Maik Baumgärtner/Ann-Katrin Müller: „Die Unsichtbaren. Wie Geheimagentinnen die deutsche Geschichte geprägt haben“. DVA, München 2022, 384 Seiten, 24 Euro.

Von der Hauptverwaltung Aufklärung im DDR-Ministerium für Staatssicherheit, das „Geheime Mitarbeiterinnen“ an der „Front Intimleben“ einsetzte und Schwangere zur Abtreibung nötigte, bis zur Herrenrunde im Kölner Bundesamt, wo Kolleginnen gern mit „Na du Knackarsch“ begrüßt wurden – die Au­to­r:in­nen attestieren dem Verfassungsschutzmilieu ein tiefsitzendes Sexismusproblem. Erst in den letzten Jahren seien beim Bundesamt für Verfassungsschutz, dem BND und dem Militärischen Abschirmdienst vermehrt Frauen tätig, auch in Leitungsfunktionen.

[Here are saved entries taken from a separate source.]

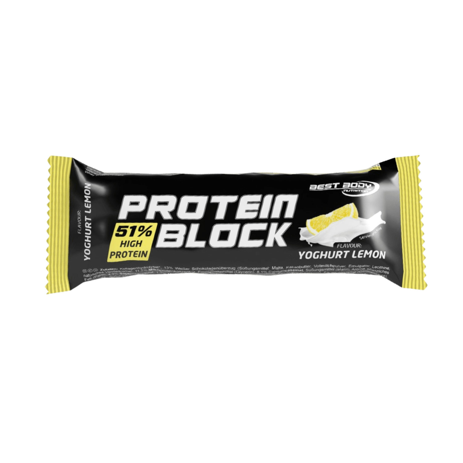 La Protein Block Bar è una barretta proteica condensata, con fino al 54% di proteine (a seconda del gusto).
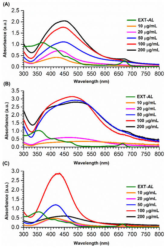 2.2. Synthesis of AgNPs with Antignon leptopus Ethanolic Extract (EXT-AL)
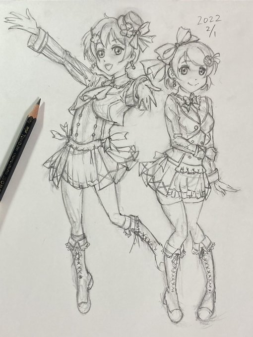 #毎日積み上げ (2022/2/1/19:09) 251日目. 夕食前のラクガキ. サウジ戦に間に合った. #ラクガキ #ラブライブ #それは僕たちの奇跡 #星空凛 #小泉花陽 #イラスト練習中 #絵描きさんと繋がりたい #イラスト好きさんと繋がりたい
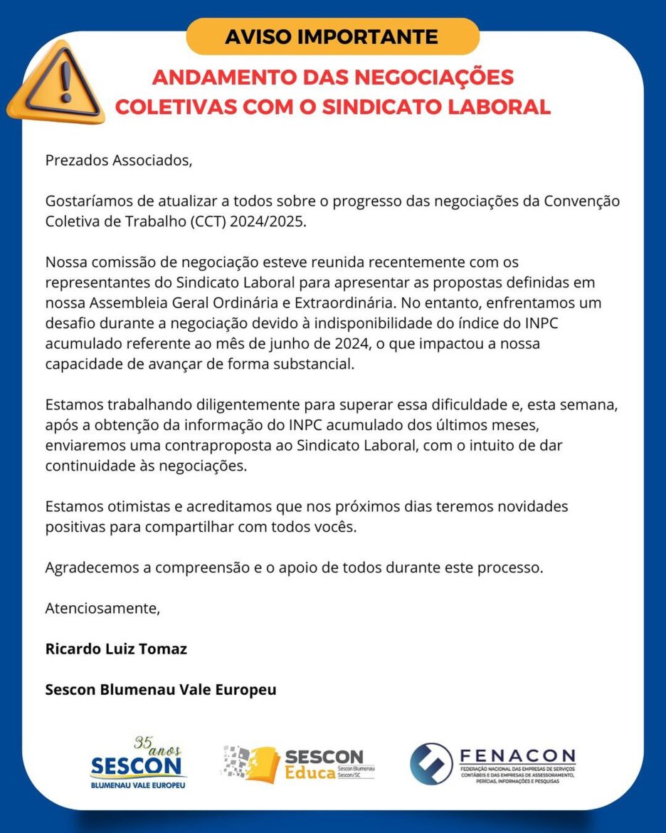 Gostaríamos de atualizar a todos sobre o progresso das negociações da Convenção Coletiva de Trabalho (CCT) 2024/2025.
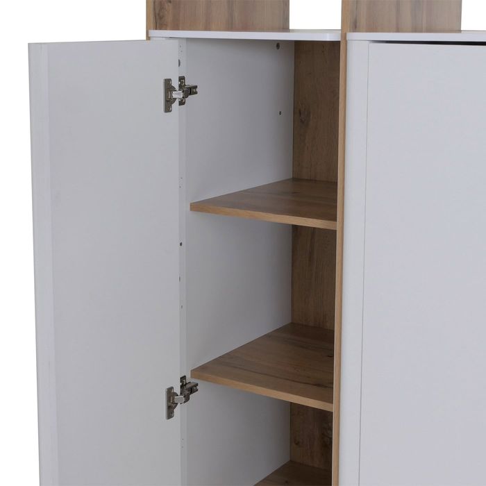 - Sie verfügt über fünf geräumige Staufächer für Kleidung, Accessoires oder Dokumente sowie vier offene Ablageflächen, auf denen Dekorationen, Bücher oder häufig genutzte Gegenstände griffbereit platziert werden können.
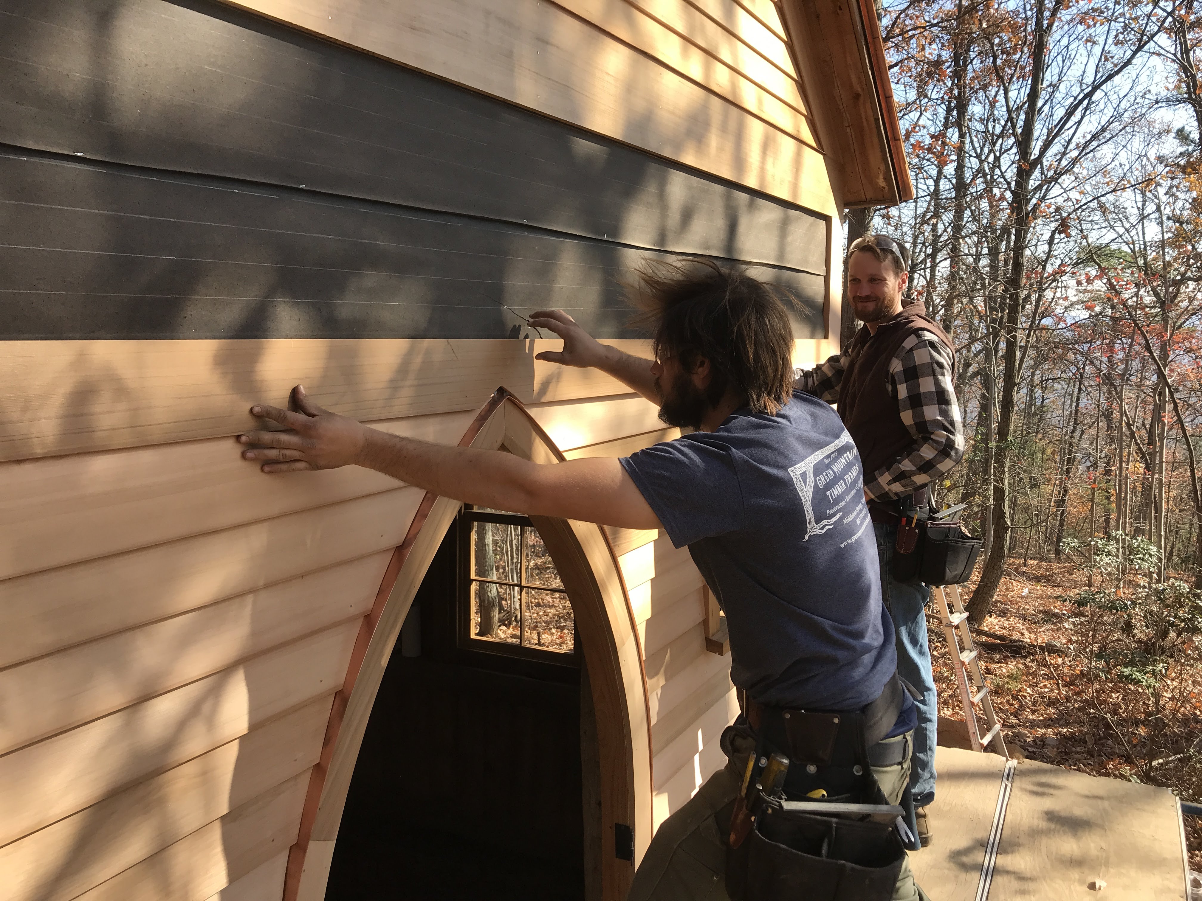 We sided the chapel with cedar clapboards
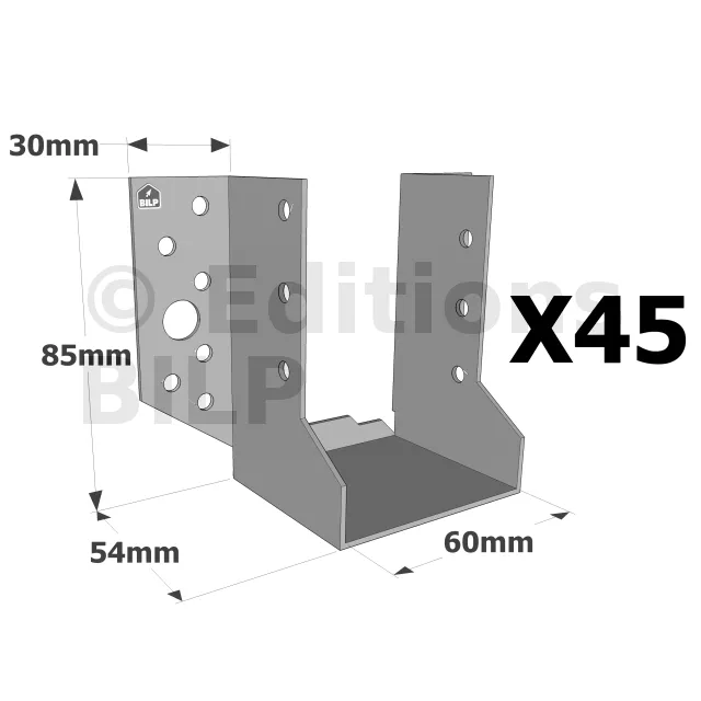 Sabots à ailes extérieures, gamme SBE ECONOMIQUE (épaisseur 1,5mm, profondeur 55mm) - Réf. SBE60/85_45
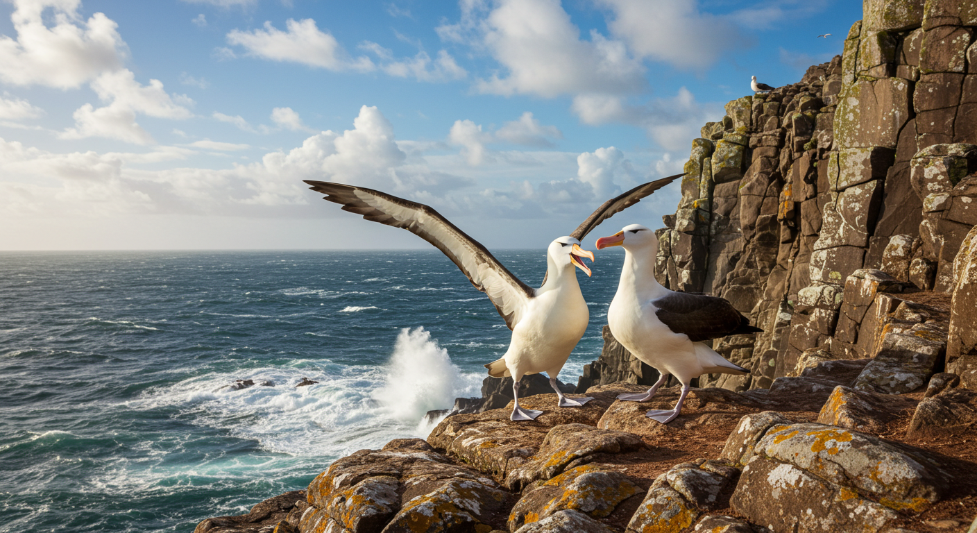 알바트로스(Albatrosses)는 바다 위의 단혼 대표입니다.
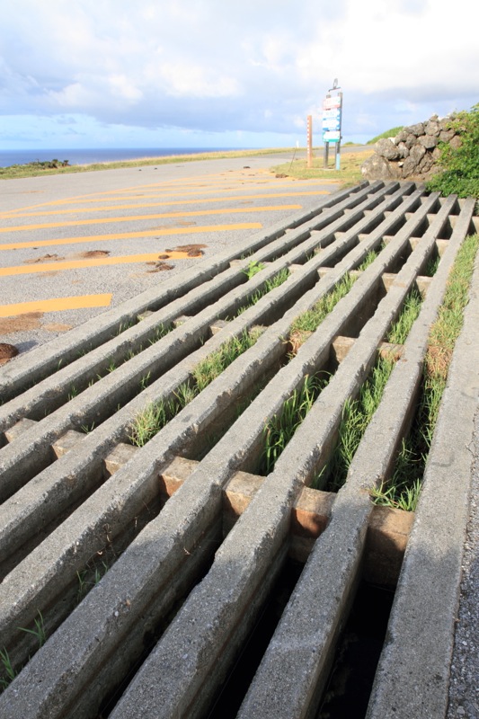 道路に結構な幅の溝が作られていますが、馬や牛、鹿、猪などはこの連続する溝の上を歩くことができないという習性を利用した「柵代わりのもの」なのだとか。与那国島だと柵を作っても台風で飛ばされることもあるだろうし、確かにこっちの方がよいですね。
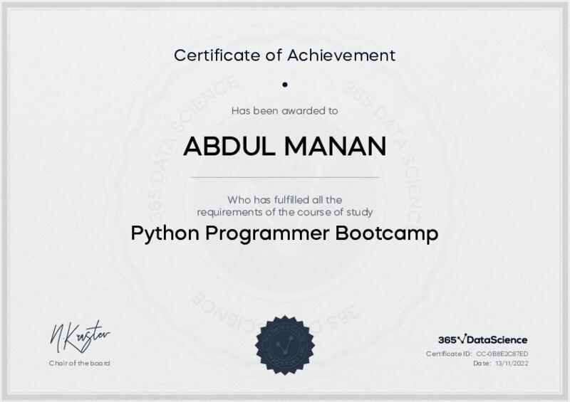 This user has been awarded the Python Programmer Bootcamp Certificate for successfully completing the course exam. Holding this certificate demonstrates their proficiency on the topic and signifies they are qualified to apply their newly acquired expertise in the fields of data analytics and data science.

Durch Chefinnen wie Beate Bube, die seit 2008 dem baden-württembergischen Landesverfassungsschutz vorsteht, halten nach Ansicht der Au­to­r:in­nen in der Welt der Spione mehr Transparenz und eine bessere Fehlerkultur Einzug. Angesichts der aktuellen Spionagebedrohung aus Staaten wie Russland, China und dem Iran eine notwendige Entwicklung.